Sirius "joke" on Snape

Rosemary foxmoth at qnet.com
Wed Nov 29 17:02:33 UTC 2000


No: HPFGUIDX 6195

In PoA, Lupin describes how Sirius thought it would be "funny" to 
                 tell Snape how to get past the Whomping Willow, so that
Snape 
                 would find himself confronting a full-grown werewolf if
he tried 
                 to spy on the "Marauders" again. Does the idea that
Sirius played a 
                 "joke" on Snape that would almost certainly have led to
his death if 
                 James had not intervened really disturb anyone else
with regards to 
                 Sirius' character?
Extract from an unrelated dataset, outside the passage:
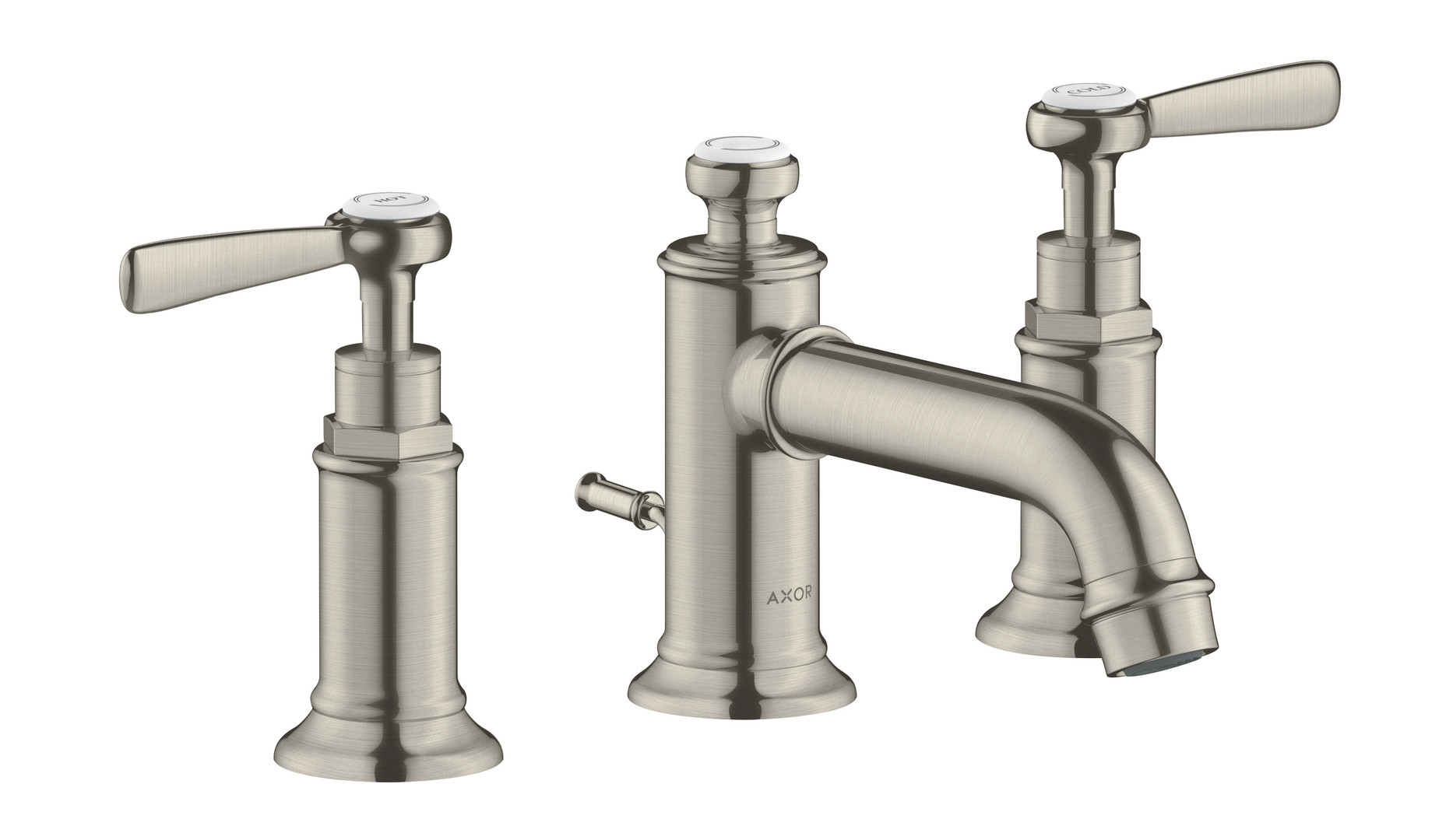 hansgrohe 3-Loch-Waschtischarmatur 30 Axor Montreux Ausladung 143mm, mit Hebelgriffe, Zugstangen-Ablaufgarnitur, Edelstahl-Optik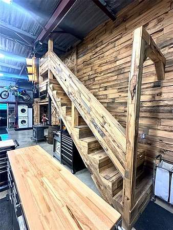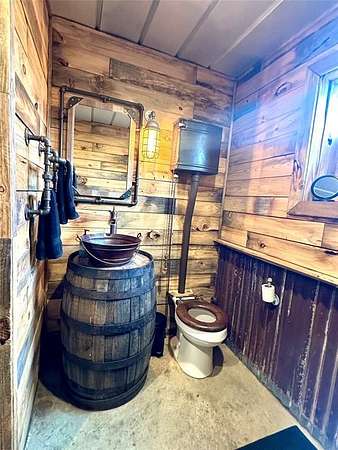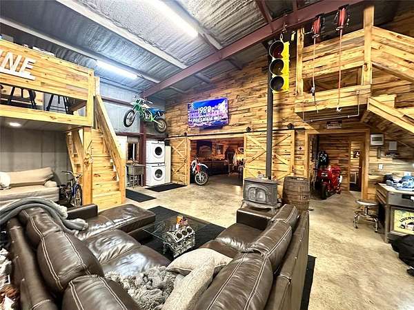 To a luxury rustic apartment. Creatively is an understatement, Whiskey Barrel sink Copper pull chain toilet, stainless kitchen island toolbox, Even an 80s theme Loft Bar complete with a Vintage Pac-Man machine, A gigantic wraparound couch, big enough for all your friends to put your feet on the engine block coffee table. Sitting right next to the cast-iron potbelly stove. There is so much more to see here that I cant begin to describe. The most amazing discovery is that it all works so extremely well together

Might there have been some better
reason than 
                 Sirius' simple dislike for Snape, some specifc event,
that would have 
                 led Sirius to go that far? We have not, after all, been
given many 
                 specifics of the relationship between Snape and the
Marauders; other 
                 than the fact that Sirius considered him a slimy little
worm, we are 
                 given no real reason (though there is really no reason
good enough) 
                 for Sirius to have wanted to actually put Snape's life
in serious 
                 danger.

                 Any ideas? 
                 Alexandra 
	>>Does the idea that Sirius played a 
  "joke" on Snape that would almost certainly have led to his death if 
  James had not intervened really disturb anyone else with regards to 
  Sirius' character?<<

     Well, Sirius *is* a disturbing character. He knifes the fat lady,
he slashes Ron's curtains, he breaks Ron's leg in the process of
abducting him, and he's ready to visit vigilante justice on Pettigrew.
IMO, he has a tendency to act on instinct and attempt to rationalize his
behavior afterward.

>>Might there have been some better reason than 
 Sirius' simple dislike for Snape, some specifc event, that would have 
led Sirius to go that far<<

	There has been lots of speculation on this list as to the underlying
reasons for the antagonism between the Marauders and Snape, some
involving sexual jealousy. I think all the Jerry Springer scenarios,
while fun to contemplate, miss the point.
 	Sirius was sixteen years old and death at that age  is a  meaningless
abstraction, whereas the consequences of being discovered out of bounds,
illegally transformed and in the company of a werewolf would seem to him
much more drastic and immediate. As in, Omigod they'll tell our PARENTS,
we'll get kicked out of school, they'll snap our wands, they'll SEPARATE
us. 
	 Snape's spying would have put pressure on the Marauders' relationship
with each other. Perhaps Sirius began to fear that one of them would
want to back out, or crack and confess everything to Dumbledore, even if
Snape didn't manage to find them out. 
	I like the idea that Snape had/has secrets of his own. Wouldn't Snape
have guessed Remus's secret as easily as Hermione did? Did he actually 
suspect what would be waiting for him at the end of the tunnel and have
a plan for dealing with it, a plan that James's heroic intervention spoiled?